Portal hypertension and its prognostic implications in patients with Wilson's disease

Background and Aims: Wilson's disease may progress to cirrhosis and clinically significant portal hypertension (CSPH). We aimed to assess the prevalence and prognostic impact of CSPH-related features on hepatic decompensation and transplant-free survival in patients with Wilson's disease. Methods and Results: About 137 patients with Wilson's disease (Leipzig score ≥4), followed for a median observation period of 9.0 (3.9–17.7) years at the Vienna General Hospital, were included in this retrospective study. Overall, 49 (35.8%) developed features of CSPH: 14 (10.2%) varices, 40 (29.2%) splenomegaly, 20 (14.6%) ascites, 18 (13.1%) hepatic encephalopathy and 3 (2.2%) experienced acute variceal bleeding. Overall, 8 (5.8%) patients died, including three deaths caused by CSPH-related complications.
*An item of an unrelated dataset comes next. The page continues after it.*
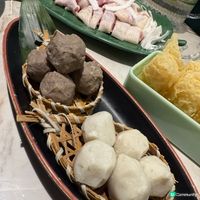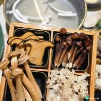 至於特色火鍋配料就有鮮珍山菌拼盤($78),可以吃到牛肝菌、鉛筆菇等市面少見的雲南直送菇類,也有帶有竹炭香氣的黑豆腐(中份$24;大份$32)、爽脆吸湯的竹笙蝦滑($92)、椰子水製作的椰子麵($28)、水培菜($38)、潮汕老字號雙拼丸($76)等。
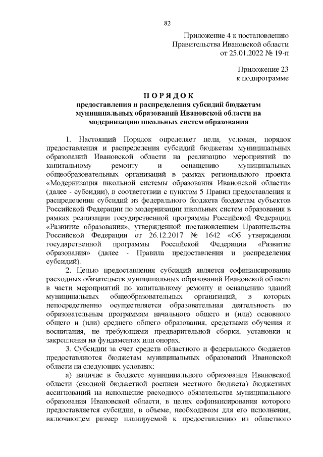 Постановление Правительства Ивановской области от 25.01.2022 N 19-п "О внесении изменений в постановление Правительства Ивановской области от 13.11.2013 N 450-п "Об утверждении государственной программы "Развитие образования Ивановской области" (вместе с "Методикой распределения и правилами предоставления иных межбюджетных трансфертов бюджетам муниципальных районов Ивановской области на благоустройство территорий муниципальных дошкольных образовательных организаций Ивановской области в 2022 году", "Порядком предоставления и распределения субсидий бюджетам муниципальных образований Ивановской области на модернизацию школьных систем образования", "Порядком предоставления из областного бюджета гранта в форме субсидий некоммерческим организациям на реализацию на территории Ивановской области практик поддержки добровольчества (волонтерства) по итогам проведения ежегодного всероссийского конкурса лучших региональных практик поддержки и развития добровольчества (волонтерства) "Регион добрых дел" в 2022 году")

Within 10 years, compensated patients with features of CSPH developed more decompensation events (8.3% vs. 1.5% in patients without CSPH, p = 0.3) and had worse transplant-free-survival (91.7% vs. 98.6%), which further declined in patients with hepatic decompensation (26.7%, log-rank: p < 0.0001). Patients with liver stiffness <15 kPa and normal platelets (≥150 G/L) were less likely to decompensate within 10 years (2.6% vs. 8.4%, p = 0.002) and had a better 10-year transplant-free-survival (97.7% vs. 83.9%, p = 0.006). Conclusions: Patients with Wilson's disease developing features of CSPH are at an increased risk for hepatic decompensation and liver-related mortality, warranting for regular screening and timely initiation of effective CSPH-directed treatments.